Christie's will oversee the sale of the collection, which includes silk-screen paintings, drawings, prints, collages, photographs and more. The first will take place in November in the auction house's New York show room.

Why the sell-off now, 25 years after Warhol's death?

In short, the foundation wants to change its focus. Writes Crow: "The foundation said it was simply time for a change. Years ago, it gave away 4,000 of its top pieces to create the permanent collection of the Andy Warhol Museum in Pittsburgh, where the artist grew up. It has also already donated $250 million from past art sales to cultural causes. But by selling off its remaining art assets, it can pare down its operating costs by eliminating the need to store or insure the art, and focus more on its philanthropy. "We sold works in the beginning to build up our endowment," [Chairman Michael Straus] added, "but now we want to maximize our grant-making."

The art world will surely keep a close eye on the sales, as the prolific artist's oeuvre is a top art world commodity, as Crow points out.

But we're particularly excited to see how one art collector responds.
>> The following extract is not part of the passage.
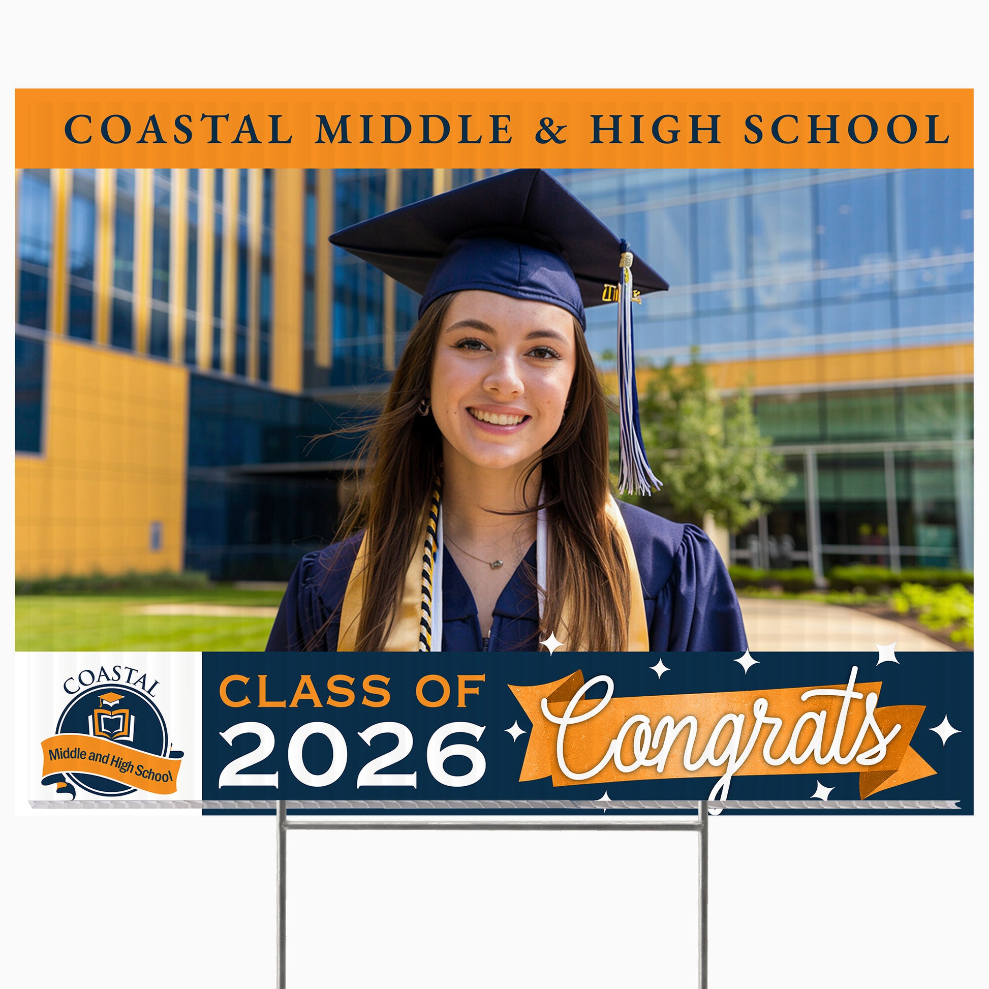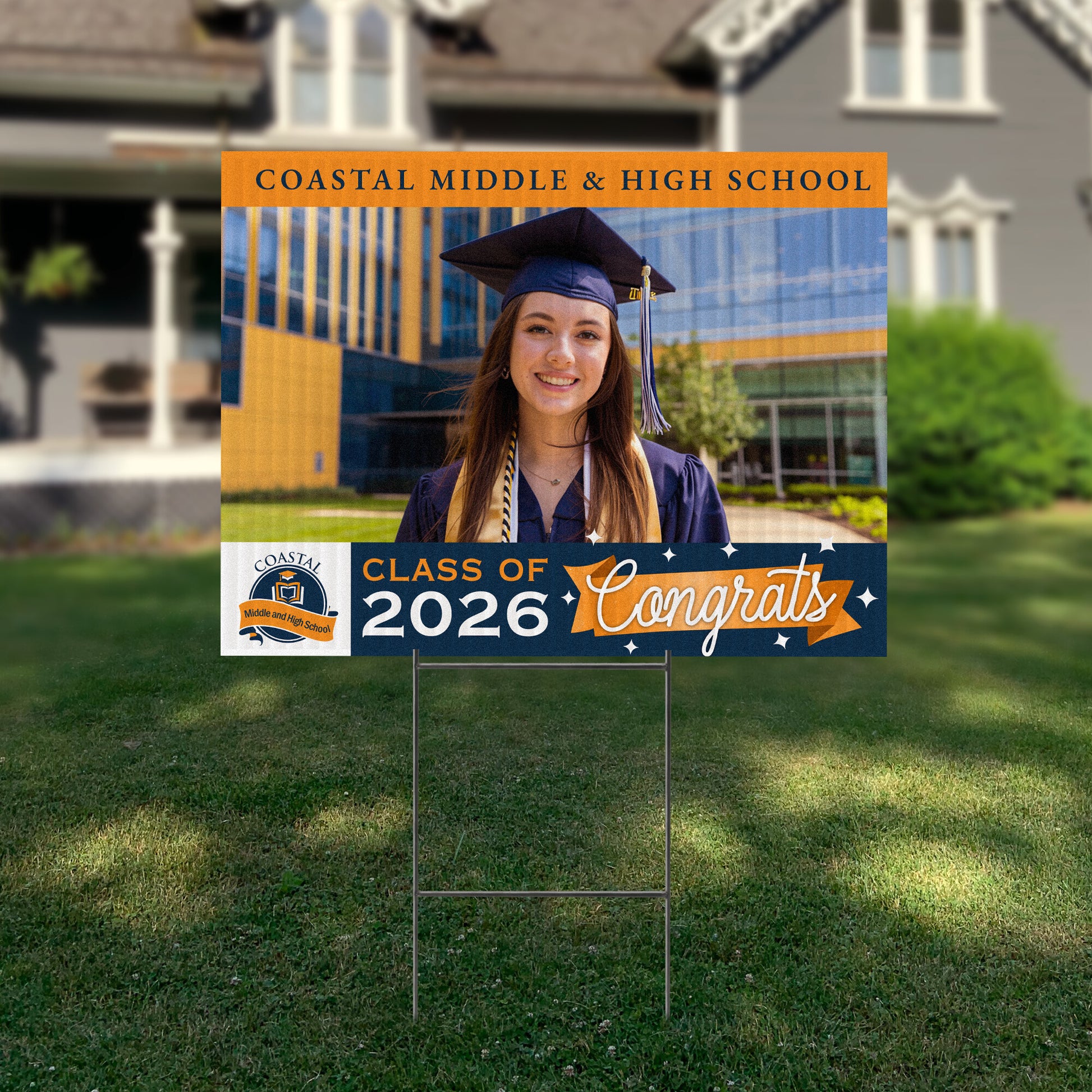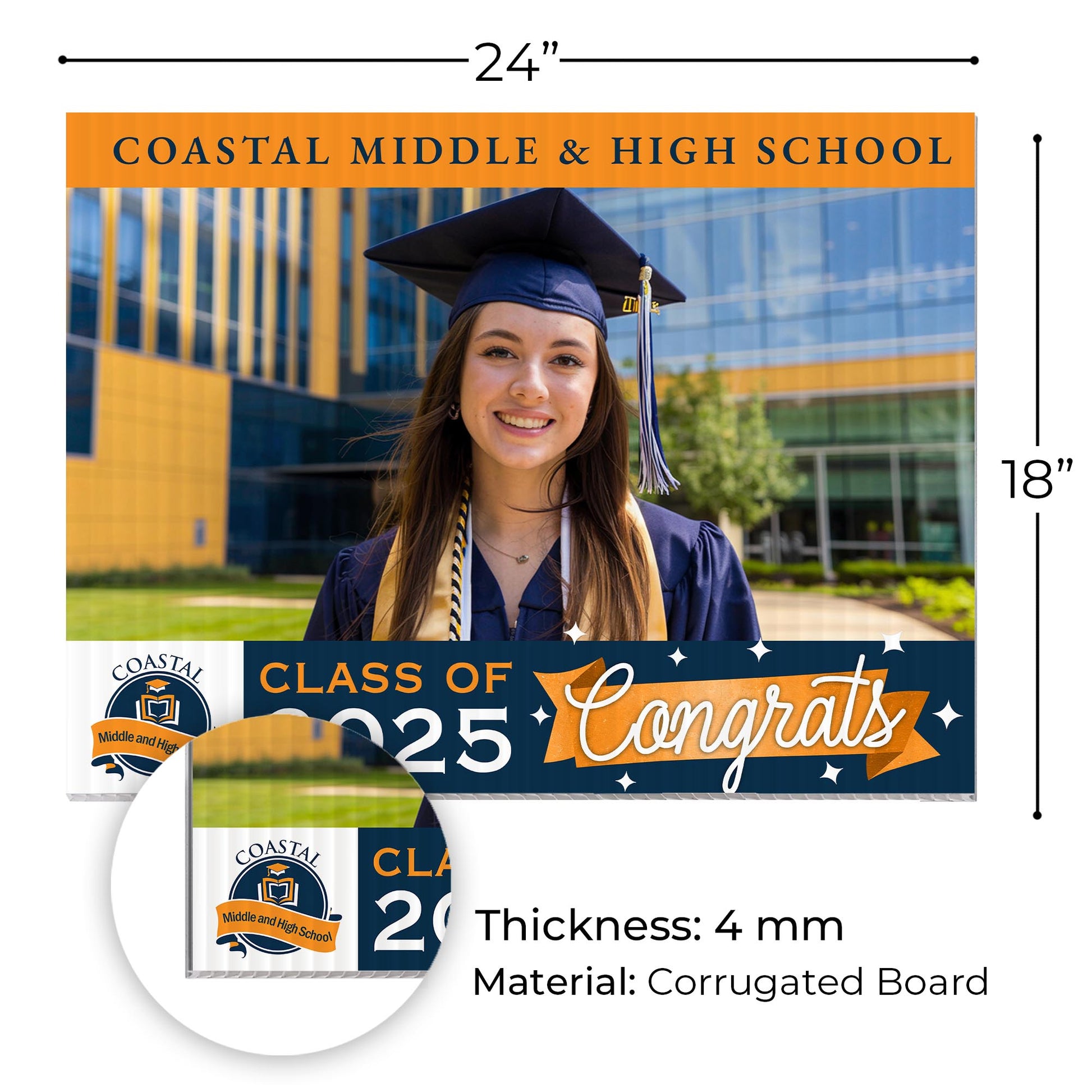 Customizable Design – Celebrate the achievements of Coastal Middle & High School graduates with personalized yard signs. Add the graduate's name, graduation year, and a congratulatory message to create a unique, custom tribute, making it easy for friends, family, and the community to recognize and honor their accomplishment.

His name is Jose Mugrabi and he's known as the world's biggest collector of Andy Warhol works. His 3,000-piece art collection, which includes 800 Warhols, is worth an estimated $770 million, according to Wealth-X.

See photos of Warhol working in The Factory before he was famous

Mugrabi's son Alberto told the WSJ that the foundation had rejected an offer from him and other dealers to buy the collection, and that he was concerned the sudden outpouring of Warhol works would dilute the market.